Cámara en mano, Robert Frank hizo un recorrido extenso por la América del Norte. A su paso captó imágenes que más tarde se volvieron legendarias, después de haber producido sorpresa, molestia, extrañeza, melancolía, añoranza y ganas de echarle cabeza a cosas que hasta entonces habían pasado inadvertidas.

La aventura de Frank resultó ser generadora de un particular estilo fotográfico. Bajo el título The Americans, apareció primero en Francia. En sus páginas se reflejaba, entre otras, una buena variedad de clases sociales en un país que prendía, salido de la guerra, y disfrutando de la victoria, abrigar solamente felicidades. Miles de “lectores” americanos de la obra pudieron advertir, solo entonces, la existencia de diferentes mundos, hasta entonces ignorados, que quedaron reflejados en imágenes captadas por los caminos de cuarenta y ocho Estados.

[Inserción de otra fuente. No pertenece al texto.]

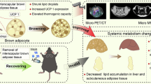 Obesity occurs when energy balance is altered and energy intake surpasses expenditure, the latter of which is influenced by basal metabolic rate, physical activity, and thermogenesis [1]. Excess energy from nutrients is stored primarily in white adipose tissue (WAT), leading to higher total body mass. Brown adipose tissue (BAT) regulates energy homeostasis and transforms fat into heat. Uncoupling protein 1 (UCP1) catalyzes to mitochondrial proton conductance and protection against hypothermia and obesity [2]. Notably, promoting the function of classic brown fat or the browning of WAT (known as brown-like adipocytes or beige adipocytes) help protect against obesity and its metabolic complications in animal studies [3, 4]. Therefore, promoting BAT and/or beige WAT function has potential as a therapeutic approach to mitigate the current obesity epidemic.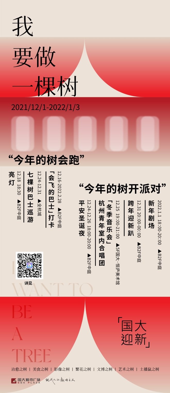 顧客精神意象成樹,點亮杭州生活之光。今年,國大依然不忘初心,種下七棵由精神凝聚而成的樹——治愈之樹、美食之樹、影像之樹、繁花之樹、文博之樹、藝術(shù)之樹、土播鼠之樹。屆時這七棵樹還將化身為移動巴士,環(huán)城巡游,從舊年駛向新年。每一棵樹都是對2021年國大一整年主要活動和主張的融合,也滿含對2022年的期盼。

La Fundación Guggenheim patrocinó la toma de casi treinta mil imágenes, de las cuales apanas un poco más de ochenta revelaron, en las páginas del libro, una “América en blanco y negro”, con todo lo que ello pudiese implicar frente a la idea que cada quien tuviera de la gente que poblaba y animaba la vida de la Unión Americana. Solo que no todo el mundo quedó contento, pues hasta entonces había predominado una especie de “discurso gráfico oficial”, estereotipado, que cumplía la misión de proclamar solamente las facetas del éxito de un país que en ese momento se consideraba protagonista de la historia.

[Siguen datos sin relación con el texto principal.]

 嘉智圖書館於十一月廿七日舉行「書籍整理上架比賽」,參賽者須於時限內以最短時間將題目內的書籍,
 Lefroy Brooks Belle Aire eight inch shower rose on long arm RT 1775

Gente de diferentes edades y colores, mirando al mundo, sin ilusiones, desde la ventana de un autobús; un hombre apurando una taza de café; señoras perdidas en un parque de diversiones; y cientos de imágenes similares, pusieron en el escenario a personas hasta entonces ignoradas, por insignificantes. Nodriza negra cumpliendo el deber de cuidar a un indiferente niño blanco, negros tirados en el prado frente a edificios ajenos, artistas y acróbatas de medio pelo, sombras indefinidas, techos desapacibles, la bandera de los Estados Unidos que tapaba la vista de alguien tratando de mirar por una ventana, entraron a competir, como símbolos del país, con las imágenes de los héroes de la guerra y los glamurosos millonarios de Manhattan.

El destape de esa América profunda, por otra parte, resultó aclamado por personas que encontraron en la colección de imágenes de Frank una obra de interpretación de los Estados Unidos equivalente a la de Alexis de Tocqueville en su famosa “Democracia en América”, que descubrió a los Estados Unidos ante el mundo en la tercera década del Siglo XIX.

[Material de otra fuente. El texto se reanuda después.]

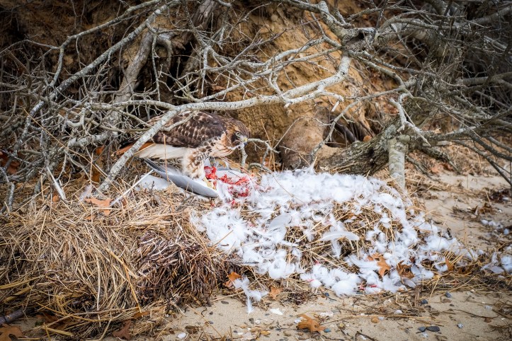 […] recently posted an image from our walk along the beach in Chatham, Massachusetts (see here). It was he who first came across this hawk devouring a seagull just under the cover of light […]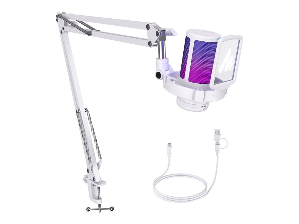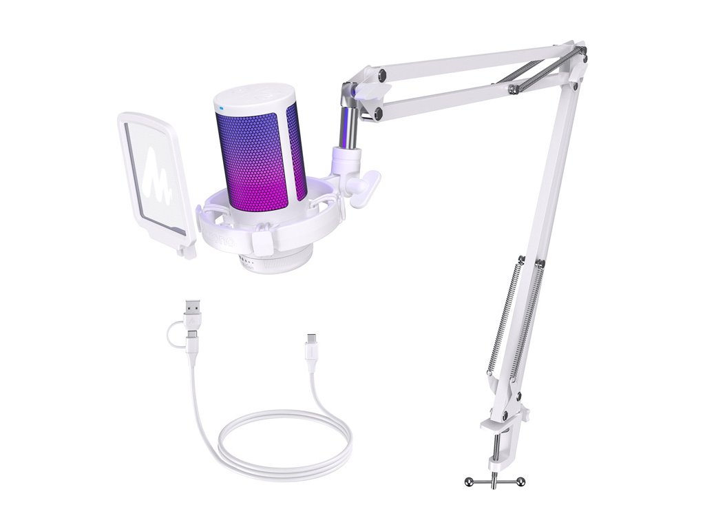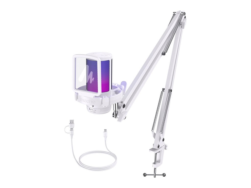 Maono DGM20S je USB kondenzátorový mikrofon určený pro hráče, streamery a tvůrce, kteří chtějí dosáhnout jasného a čistého zvuku bez složitého nastavování. Nabízí aktivní potlačení šumu, nastavitelnou citlivost mikrofonu, RGB podsvícení se třemi režimy a rychlé ztlumení jedním tlačítkem. Mikrofon je kompatibilní se systémy Windows, macOS a konzolemi PlayStation 4 a 5. Poznámka: produkt nefunguje s konzolí Xbox. Dodává se s robustním nastavitelným ramenem, které umožňuje pohodlné umístění zařízení na stole.

Si antes de morirse la semana pasada en su aislamiento de Nueva Escocia, a sus noventa y cuatro años, Robert Frank hubiera hecho un recorrido similar al de hace siete décadas, y hubiera captado las imágenes correspondientes, en el ánimo de meter en menos de cien páginas la compleja composición de los Estados Unidos de hoy, el resultado habría sido otra vez impactante. Y no por las imágenes de la América popular, ahora marcada por la presencia de la América Hispana, que se va tomando con su trabajo, su comida y su idioma, enormes sectores de la sociedad estadounidense, sino por el contraste con las imágenes de la clase política dirigente de ahora.

Ya no existe el señorío inocente de quienes creyeron, después de haber ganado la guerra, que llevaban la responsabilidad de dirigir por lo menos la mitad del mundo, sobre la base de unos valores afincados en la democracia y el culto por la verdad. En su lugar se vocifera un discurso dominado por la idea de volver a una supuesta grandeza que de hecho se reconoce ausente, al tiempo que se contradicen los principios de otra época, con la apelación a la mentira, sin pena, y a malabares de negociante que ponen en ascuas a todo el sistema internacional.

Tal vez un Tocqueville de nuestra época podría poner de manifiesto que esa Democracia en América, de hace casi dos siglos, pasa ahora por la prueba más dura de su historia. Y que la prueba de fuego no proviene de enemigos externos, sino de las convulsiones y confusiones que anidan en el alma de una sociedad llamada a ejercer su voluntad política bajo las presiones y las ilusiones falsas del populismo. Como república bananera.